UPDATE: I actually tried Rcpp to see whether I could speed up that particular line in R but I decided not to pursue it because it took a long time when I tried for once and also saw Dirk's comment on the post How can I translate a function in R to Rcpp? which basically says that an R function run by C++ will not be sped up.

I have a script containing a function that creates word2vec embeddings with respect to the arguments provided to function, then implements an R code to do some statistical computations via embedding of rpy2 and uses the output of the R code.

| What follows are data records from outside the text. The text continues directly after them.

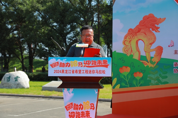 黑龍江經(jīng)濟(jì)網(wǎng)訊(王丹陽)為助力哈爾濱銀行2024哈爾濱馬拉松活動(dòng),增強(qiáng)“丁香綻放·童心港灣”項(xiàng)目凝聚力,提升兒童身體素質(zhì)和健康意識(shí),更好地感受運(yùn)動(dòng)的魅力,提高兒童對(duì)馬拉松運(yùn)動(dòng)的了解、認(rèn)識(shí)和興趣,讓兒童培養(yǎng)積極樂觀的生活態(tài)度,樹立頑強(qiáng)拼搏的意志品格,8月9日,“丁香綻放·童心港灣”“助力哈馬 迎跑未來”2024黑龍江省希望工程迷你馬拉松活動(dòng)在哈爾濱市阿城區(qū)金上京歷史博物館拉開帷幕。共青團(tuán)黑龍江省委副書記張濤,哈爾濱銀行黨委專職副書記張玉峰,中共哈爾濱市阿城區(qū)委副書記徐洪濤,黑龍江省青少年發(fā)展基金會(huì)理事長杜晶,共青團(tuán)哈爾濱市委副書記劉婷婷,中共哈爾濱市阿城區(qū)委常委、宣傳部部長周巍巍,哈爾濱市阿城區(qū)人民政府副區(qū)長王殿友及阿城區(qū)團(tuán)委、阿城區(qū)教育局、阿城區(qū)文化體育廣播電視和旅游局相關(guān)領(lǐng)導(dǎo)嘉賓出席活動(dòng),童心港灣留守兒童、少年兒童代表共計(jì)百余人參賽。
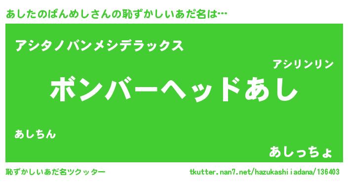 | ピコ太郎風あだ名 | 『アア太郎』『ピア三郎』『アシ六郎』 |
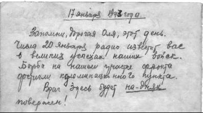 «Запомни, дорогая Оля, этот день. Числа 20 января радио известит вас о великих успехах наших войск. Борьба на нашем участке фронта достигла кульминационного пункта.
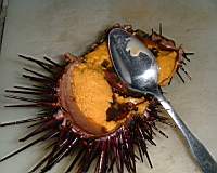 processing the urchin. |
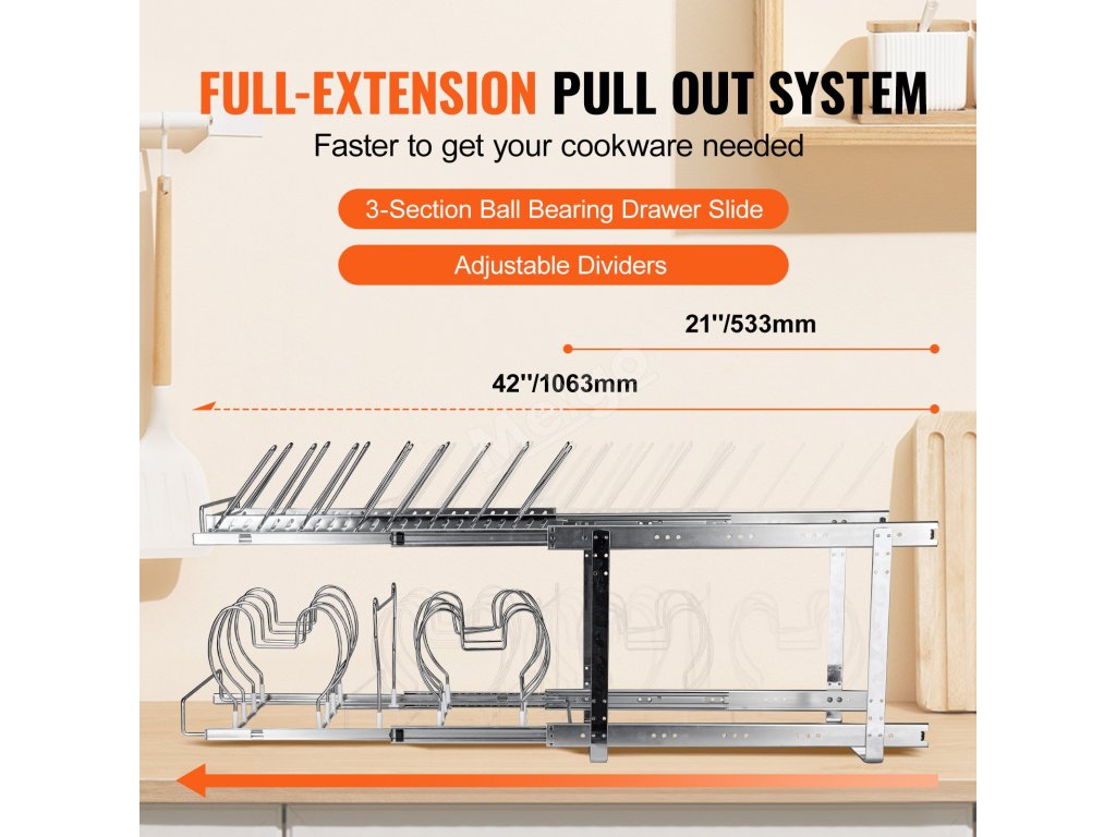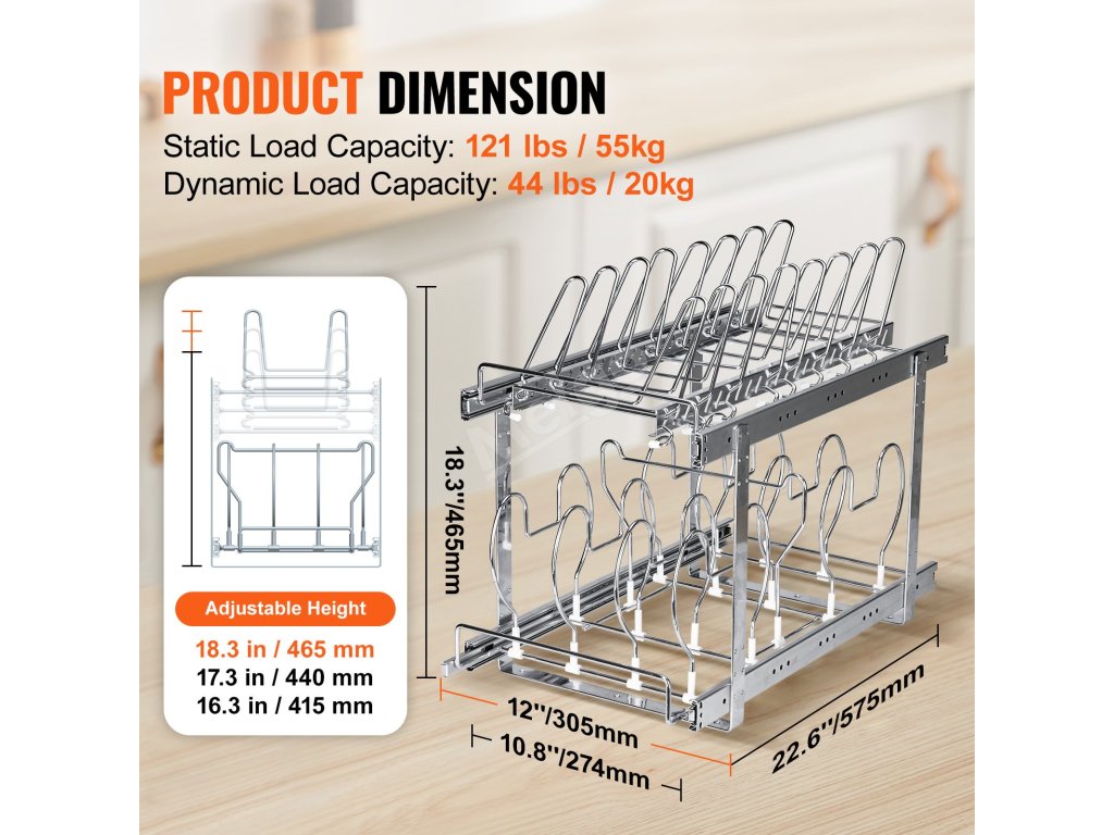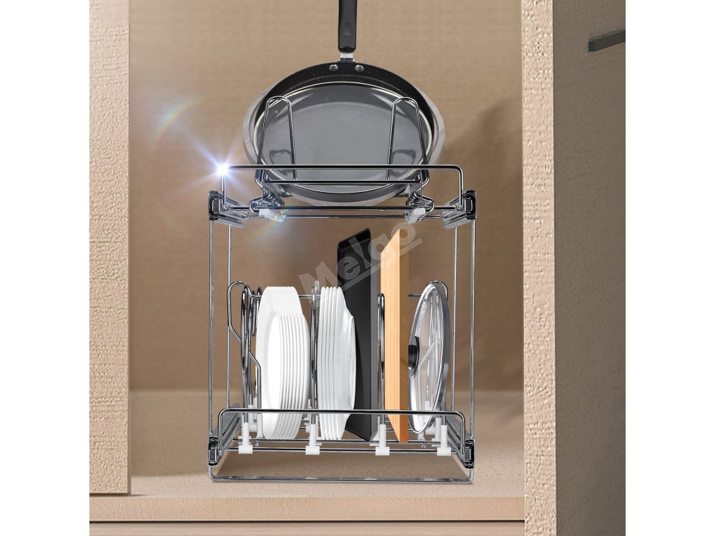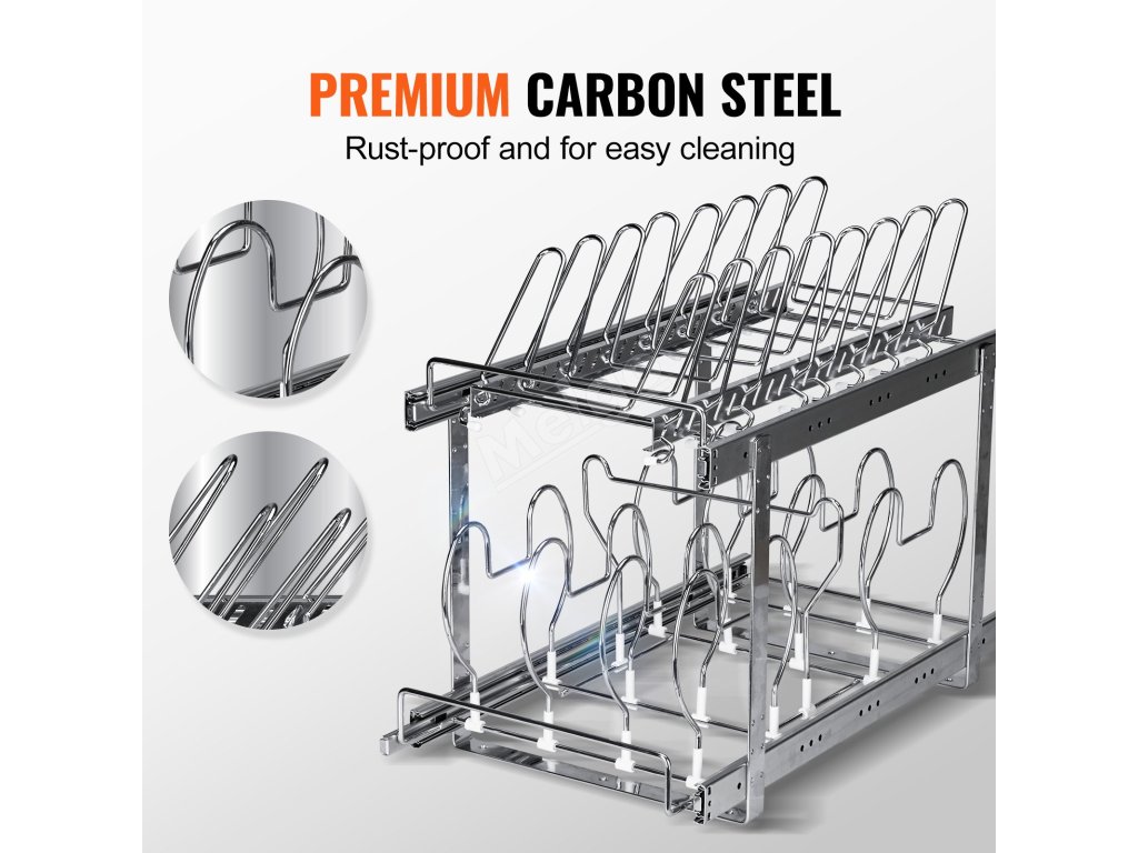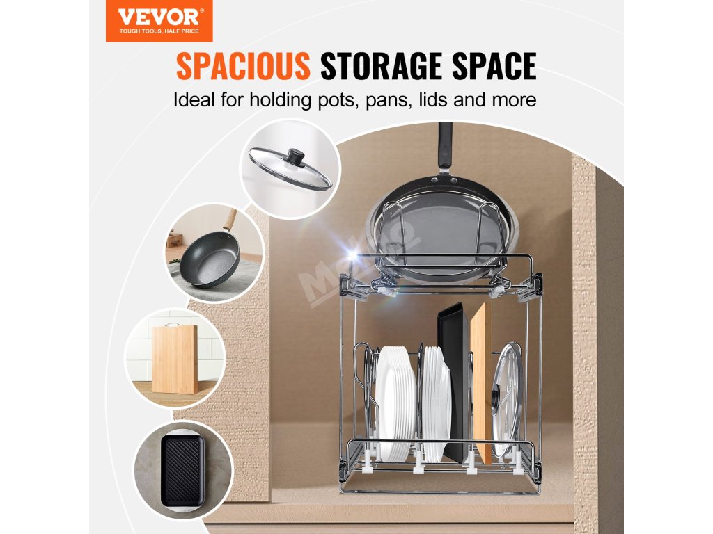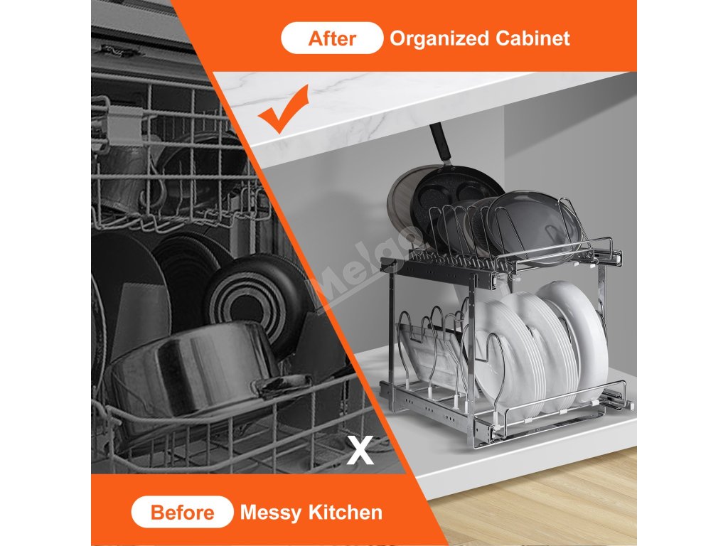 Náš stojan na pánve a hrnce je navržen tak, aby maximalizoval prostor v kuchyni. Je ideální pro ukládání hrnců, pánví, prkének na krájení, pokliček a dalších předmětů. Tento úložný regálový organizér vyrobený z uhlíkové oceli se snadno vysouvá a umožňuje vám snadný přístup a výběr toho, co potřebujete.
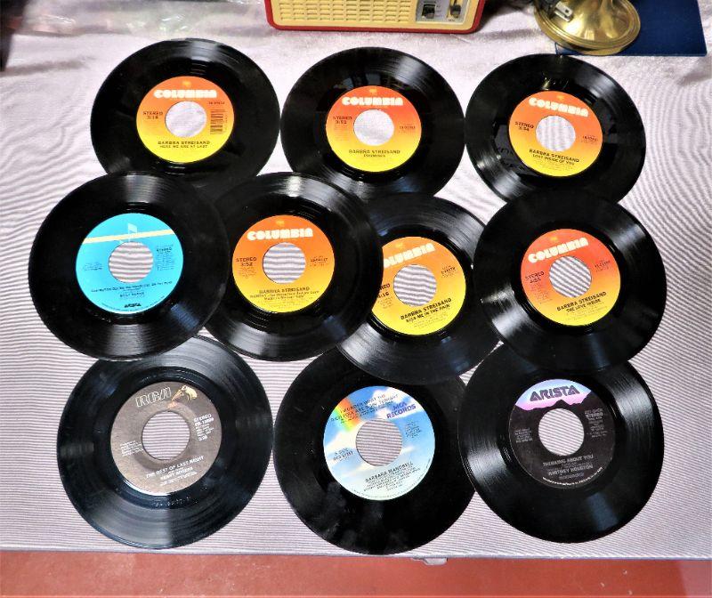 RECORDS 45's LOT Kenny Rogers, Whitney Houston, Barbra Streisand, Billy Ocean misc (yr 1979 +). Not tested.
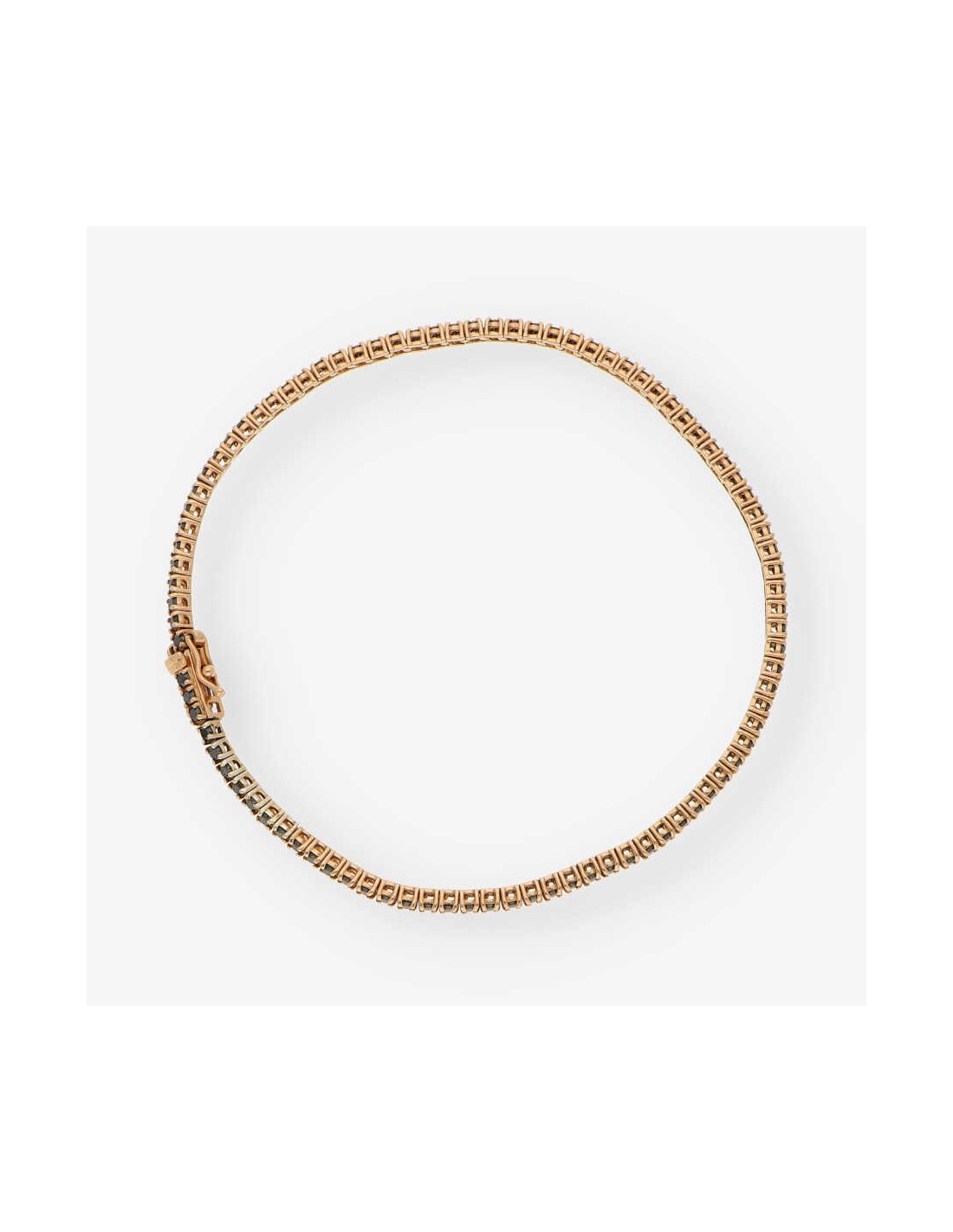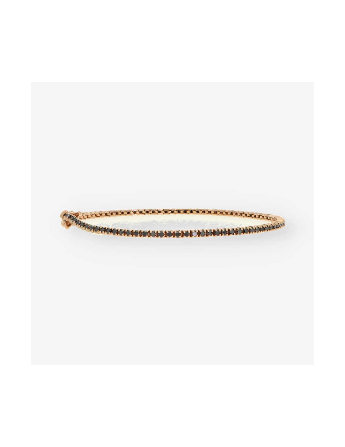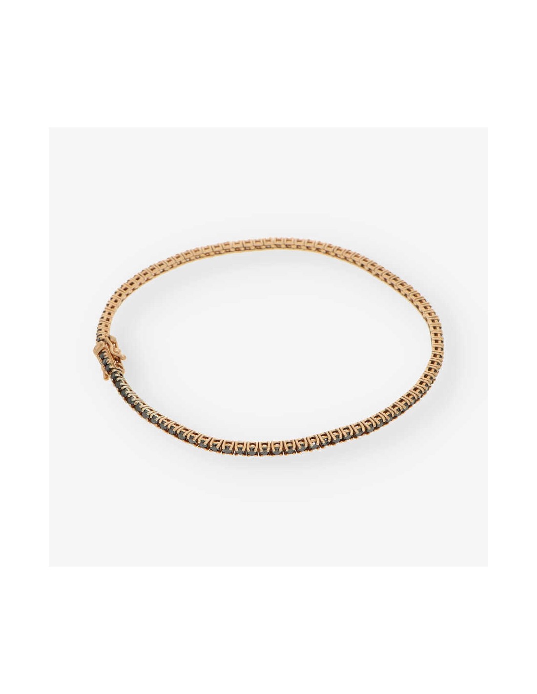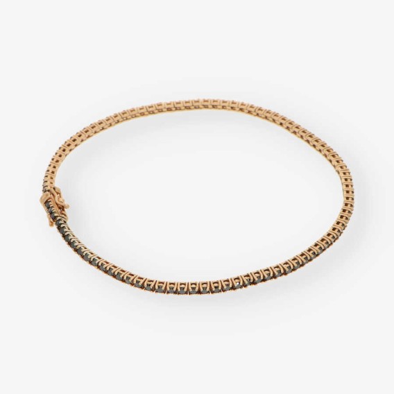Preciosar pulsera riviere de segunda mano en oro rosa de primera ley y brillantes negro, con un cierre de lengueta y dos ochos de seguridad. Una pieza que no pasa desapercibida para los amantes de la joyería y brillantería. Longitud: cm. Peso: gr.
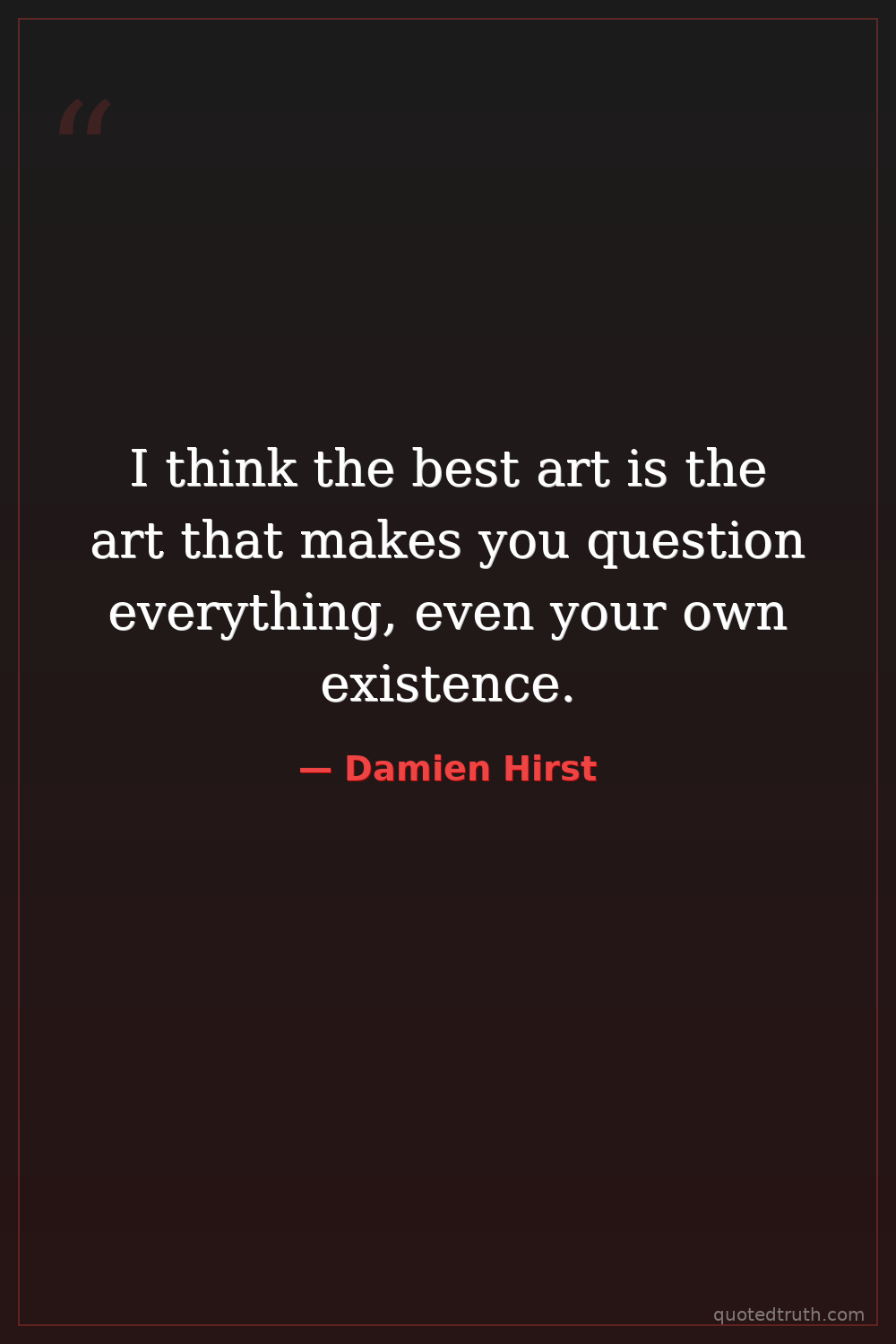 I think the best art is the art that makes you question everything, even your own existence.
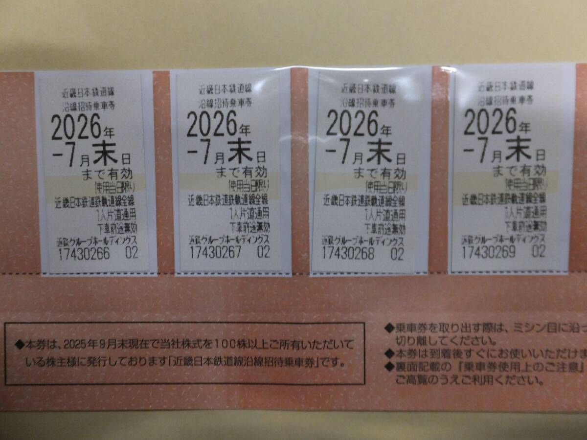 こちらは、近鉄株主優待乗車券 4枚 2026年7月末日まで有効です。
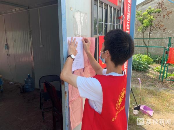 清晨5点,简单的洗漱后,扬州职大艺术学院视传2001班魏昭骑着车迎着晨光就出门了。参加完泰州市姜堰区梁徐街道志愿者动员会后,上午9点,一个戴着红袖章的挺拔身影出现在泰州市姜堰区梁徐街道张埭社区出入口,开始一天的疫情防控志愿服务。
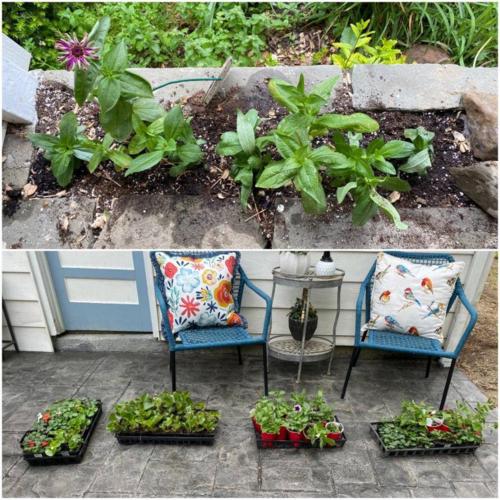 Did so much in the yard. Another landscaper came and cleared out bed in the front yard. I transplanted some plants. I got four trays of various flowers my neighbor grew from seeds. Mom and I planted several plants into our pots as well. When I was transplanting a plant, I accidentally scared a toad by scooping it up, thinking it was part of my plant until it jumped out. Mom freaked out, and I went to try to catch the toad to make sure they’re unharmed. I also suspect the previous owner’s favorite color is pink, which I like.
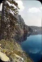 As the region lies within a national park area, collecting rocks within the vicinity is prohibited unless a permit is obtained.[44] The park's facilities lie at Rim Village, at the southern edge of the caldera.[41] Lodging and camping facilities open during the summer season between May and October.[45] No lodges, gas stations, or camping areas remain open from October through late May.[46] Popular activities within Crater Lake National Park include biking,[47] fishing,[48] cross-country skiing, and snowshoeing.[49]

def run_everything(*args): 
    
    #I create word embeddings, calculate cosine similarities here and write to csv
    

    #I call an R function through rpy2 embedding and apply some computations to identify outliers, write them to .csv again

    #Use the output of R function to do final operations and write another file to csv 

Since I am trying a wide range of hyperparameters for my embeddings, I call this function from a different script and apply multiprocessing.Pool.

from build_model_and_run_r_code import run_everything
from multiprocessing import Pool

#I specify the args_for_pool as input for the function here 

if __name__ == '__main__':

with Pool(8) as pool: 
    pool.starmap(run_everything, args_for_pool)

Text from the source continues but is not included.